In being full of the eggplant-shape bottle of nitrogen, add vitamin C, potassium carbonate and dimethyl sulfoxide, stirring at room makes dissolving, adds behind the bromobenzyl stirring at room 4-5 hour.The mol ratio of vitamin C, potassium carbonate and bromobenzyl is 1:3.2:2.2.Use ethyl acetate extraction behind the reactant liquor thin up.Ethyl acetate layer is through anhydrous sodium sulfate drying, and decompression volatilizes revolves, and gets the glutinous thick liquid of pale brown color.Through silica gel column chromatography (ethyl acetate-petroleum ether, volume ratio 1:1) separate faint yellow oily thing, be the vitamin C of 2,3 benzyl protections through detecting, synthetic route is as shown in Figure 1.

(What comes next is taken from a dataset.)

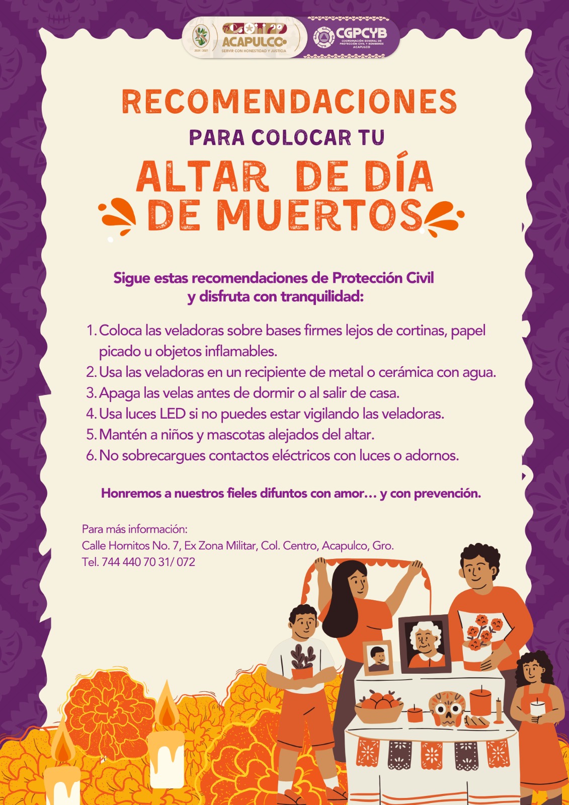 Acapulco, Gro., Octubre 30.- Con el propósito de garantizar la seguridad de las familias acapulqueñas durante las festividades del Día de Muertos, el Gobierno Municipal que encabeza la presidenta Abelina López Rodríguez, a través de la Coordinación General de Protección Civil y Bomberos, emite una serie de recomendaciones preventivas para disfrutar estas tradiciones con tranquilidad y sin incidentes.

2. 6 bit esterified reactions.
Take by weighing the vitamin C of ibuprofen and 2,3 benzyl protections respectively, add the anhydrous methylene chloride stirring and make dissolving, add 4-dimethylamino naphthyridine (DMAP) and 1-ethyl-3-(3-dimethylamine propyl) carbodiimide hydrochloride (EDCI), reacted 6 hours.2, the mol ratio of the vitamin C of 3 benzyl protections, ibuprofen and EDCI is 1:1.3:1.Washing, decompress filter, filtrating use ethyl acetate extraction, ethyl acetate layer is through anhydrous sodium sulfate drying, reduce pressure volatilize yellow oil.Through silica gel column chromatography (ethyl acetate-petroleum ether, volume ratio 1:6) separate faint yellow oily thing, i.e. vitamin C-the ibuprofen ester of 2,3 benzyl protections, synthetic route is as shown in Figure 1.
3. debenzylation.
Get the vitamin C-ibuprofen ester of 2,3 benzyl protections, add in three mouthfuls of round-bottomed flasks, add dissolve with methanol, gradation adds 5% palladium charcoal rapidly, through three-way valve with the air in the hydrogen exchange device.Reacted 24 hours, decompress filter, filtrate decompression concentrate white solid.Through silica gel column chromatography (ethyl acetate-petroleum ether, volume ratio 1:2) separate light yellow solid, i.e. vitamin C-ibuprofen ester, synthetic route is as shown in Figure 1.
Two, vitamin C-ibuprofen ester structural characterization.
The physical and chemical parameter result who measures above-mentioned target response product is following:
1. fusing point.
Mp:196-199℃。
2.
13C NMR measures.
With CDCl
3Dissolving vitamin C-ibuprofen ester is made into concentration and is about 1mg/mL solution.Use Bruker AvanceIII 400 Plus nuclear magnetic resonance chemical analysers, resolution<0.3Hz, sensitivity (s/n) ﹥ 300:1, resonant frequency 400MHz working sample.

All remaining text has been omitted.